If you want security to data to function the same way in Cognos BI as in TM1 then yes certainly you need mode 5, but not necessarily. In Cognos BI security is defined at the granularity of the report. If you work on traditional basis in BI of securing on the basis of the report and assume everyone with access to the report can see all data in the report then there's another way as the FM package feeding the report can be set up with a fixed user credentials. If you have 2 separate groups of users between BI and TM1 then this could work. Obviously though you still have to maintain the groups for the Cognos BI report access in CAM.

[tm123]

so if we switch to IntegratedSecurityMode = 5, then we will have to rely on Cognos BI Groups, right? So we cannot automate the group creation in TM1. That sucks since we have an automated security maintenance process, our TM1 admin enters users and groups in an external access database and them we have a TI process that pulls that access database into TM1, and assign the access privileges to each cube / dimension / dimension element or cube cell.

I really want to stay on IntegratedSecurityMode = 2 or IntegratedSecurityMode = 3 ( this is what we have actually )

[tomok]

so if we switch to IntegratedSecurityMode = 5, then we will have to rely on Cognos BI Groups, right?

No. I did an implementation last year where the client had to use CAM security per their IT group but we didn't want to maintain the TM1 security there. So, we created one group in CAM (and let that group propagate to TM1) to hold everyone and had everyone automatically be in that group the first time they logged into CAM. Then we created all separate groups in TM1 and assigned the CAM IDs of users to those groups. The drawback is CAM can't manage those groups so every time a new user appears in TM1, through CAM, you have to do your assignments in TM1. You can do those manually, with a TI, or through rules, just like stand-alone TM1 security.

[tm123]

Thanks guys,

I have one more question. In our dimensions we have lots of subsets, some of them static, some of them dynamic ( by dynamic I don't mean MDX subsets, but MDX subsets converted to Static subsets and they get refreshed daily or on demand )

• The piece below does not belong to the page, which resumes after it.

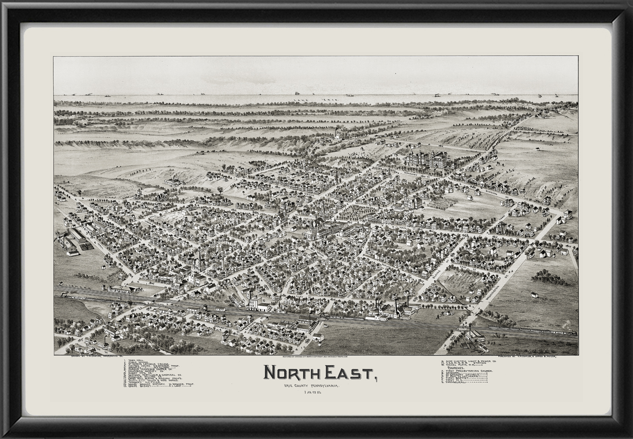 Restored bird’s eye view of North East, Pennsylvania, 1896 by Thaddeus Mortimer Fowler.
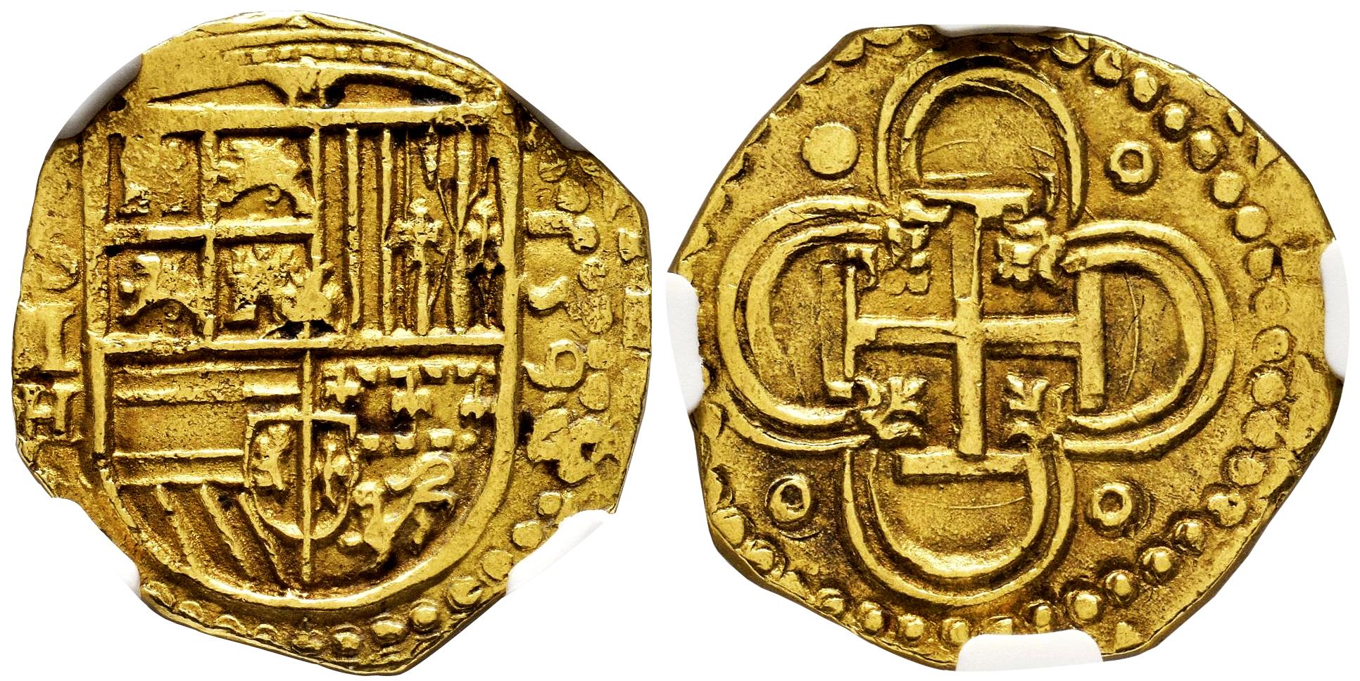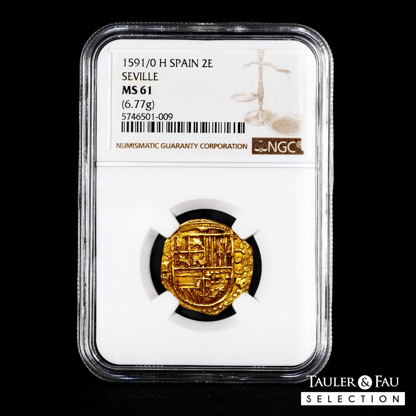 Philip II (1556-1598). 2 escudos. 1591/0. Sevilla. H. (Cal-839). (Tauler-43). (Fried-169). Au. 6,77 g. Overdate. Bold strike with all visible data. Very nice color. Rare, even more so in this grade. Slabbed by NGC as MS 61. Only 2 finer specimens in the NGC census. Est...3000,00.

Is there any way to expose these subsets in BI? I created a package in Framework Manager and I opened that package in Report STudio but I don't see any subsets in there

Thanks

[lotsaram]

Is there any way to expose these subsets in BI? I created a package in Framework Manager and I opened that package in Report STudio but I don't see any subsets in there

No. Despite Cognos acquiring TM1 in 2008 Cognos BI remains unaware of the existence of subsets. For all the BI studios subsets simply do not exist.

What Cognos BI does understand is dimension structure so you have to use that.

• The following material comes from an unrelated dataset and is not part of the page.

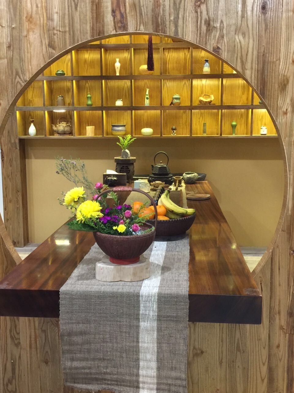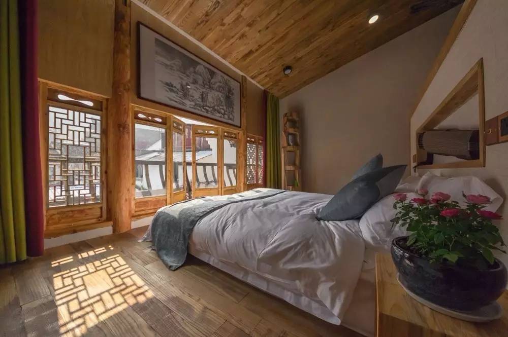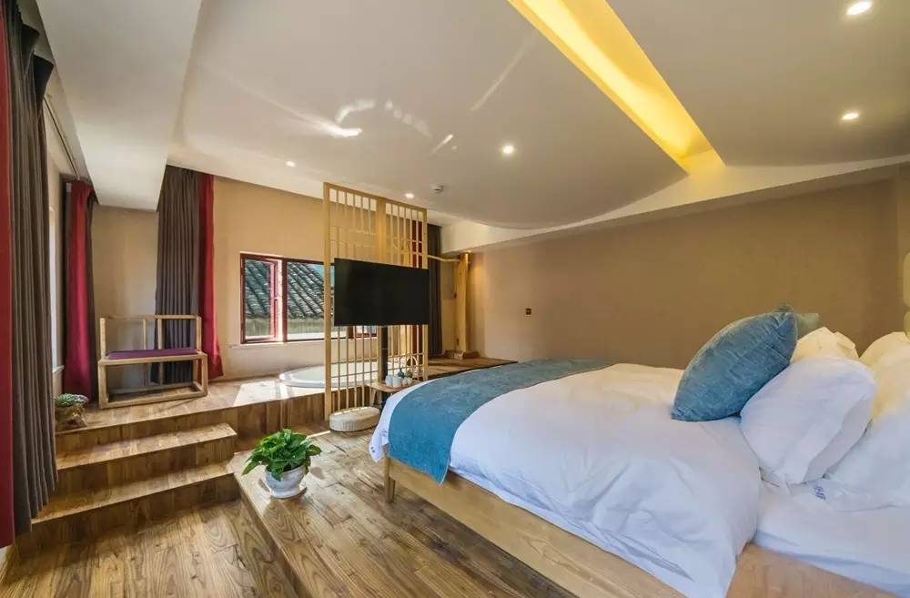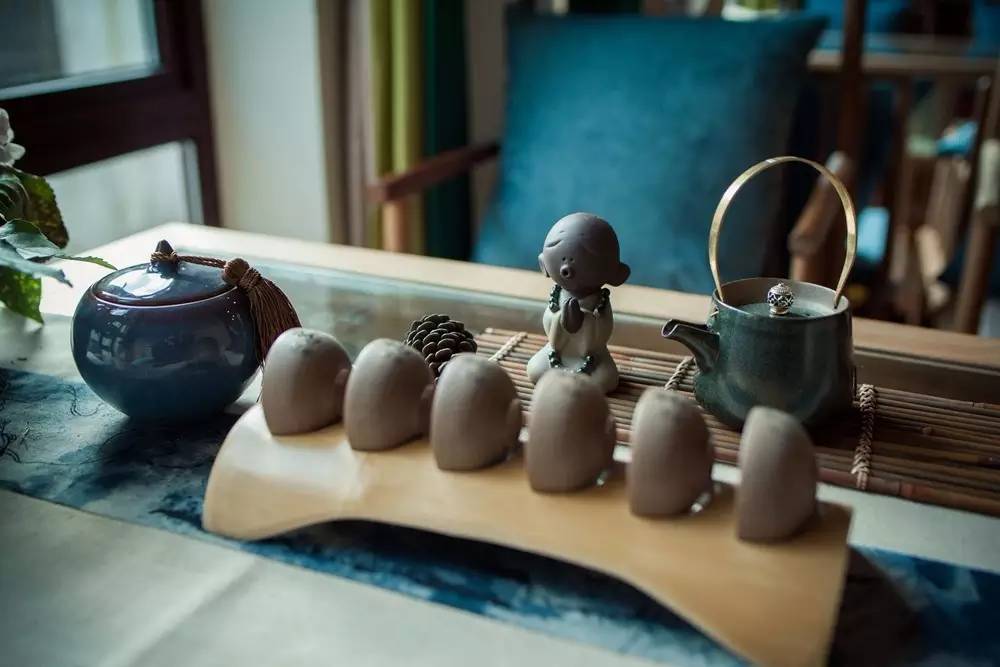 而且每一间客房都有一方精致的饮茶区,九华山天然山泉水、一套景德镇出品的精致茶具、上好的九华佛茶都已备好,只待你落坐~老榆木的素雅清香与氤氲一室的茶香一起营造出一份安逸温润,直让人不想出门。

When I'm designing a TM1 model to be used with report studio or active reports or whatever I get around this by creating a Rollup called "BI Reporting Subsets" which has children named Sub then then the subset name of whatever public subsets have been marked as relevant for BI reporting in that dimension. Each "subset" is then copied to the hierarchy as a flat list. TI runs overnight to keep all these hierarchies up to date and add any new ones.

This is then really helpful for automating reporting and making the report developer more productive as rather than by hand hunt and peck to list elements for a report all that is needed is to pick the "subset" rollup and element.children MDX takes care of generating the rows or columns.